LOL! Well, what can I say. For folks in Eastern NC who pour vinegar over a piece of pork and call it BBQ you certainly don't know your Southern cooking. LOL Just kidding.

I do come from strong Southern roots, with some Cajun thrown in. Let's see - growing up I moved throught the South, Born in Huntsville, AL w/granparents in Mobile, AL & Meridian, MS. Lived in Merritt Island, FL (Mom worked at the Cape for NASA); Metairie (suburb of New Orleans), LA (Cajun influence & greatest place to ever live); Sierra Vista, AZ; Irving, TX; Little Rock, AR; back to Metairie; Atlanta, GA (stayed around there 22 yrs); Columbia, SC; and finally Concord, NC. So except for less than a year in AZ it's all been various Southern territories & food.

If you can ever find a Chitlin' Strut, you should attend. Best place to grab a tasting of all kinds of deep Southern delicacies. Just give it a try; you'll enjoy it.

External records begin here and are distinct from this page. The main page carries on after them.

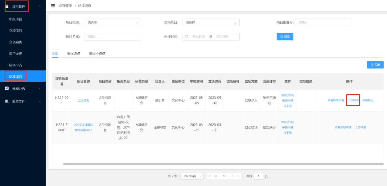 2)点击左侧功能菜单“项目管理”模块下的“结项项目”菜单,进入结项项目界面,点击“二次结项”按钮(如图5.1-1所示):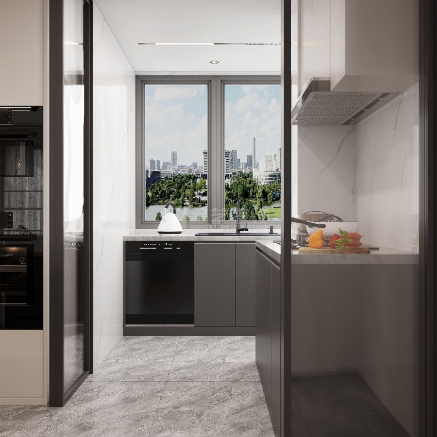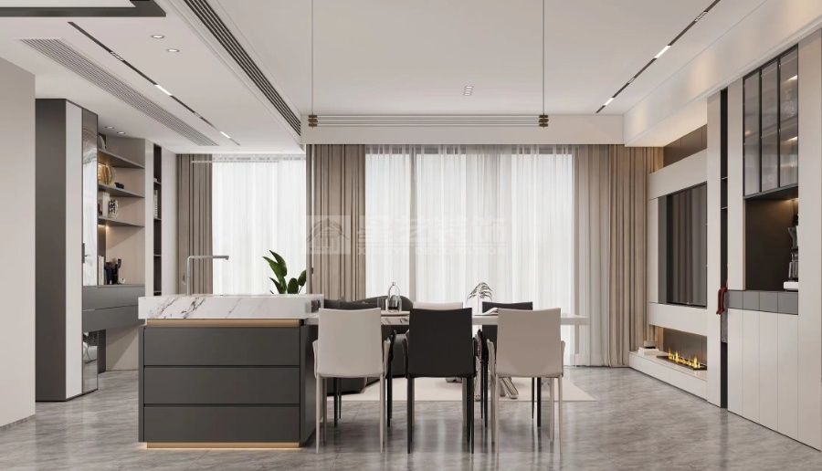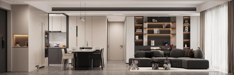 餐厨客一体化设计,以黑白灰 + 暖棕为主调,用简约线条、通透材质与隐藏收纳,平衡现代感与舒适感,借光影营造松弛的轻奢生活场域。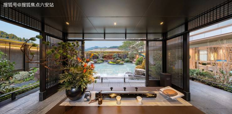 外立面采用真石材+香槟金铝板,复刻唐代宫殿的恢弘气度。三重飞檐设计搭配夹绢玻璃屏风,再现《富春山居图》的诗意画卷。

Ya'll come back now, ya hear! LOL


----------



## Dr. Syn (May 29, 2003)

You've defintely toured the south more than me. I've visited poeple thru the lower southern states but never spent much time there - not long enough to eat all the strange stuff. I guess I'm a northern southerner up here in Raleigh. I am pretty picky about my BBQ though!


----------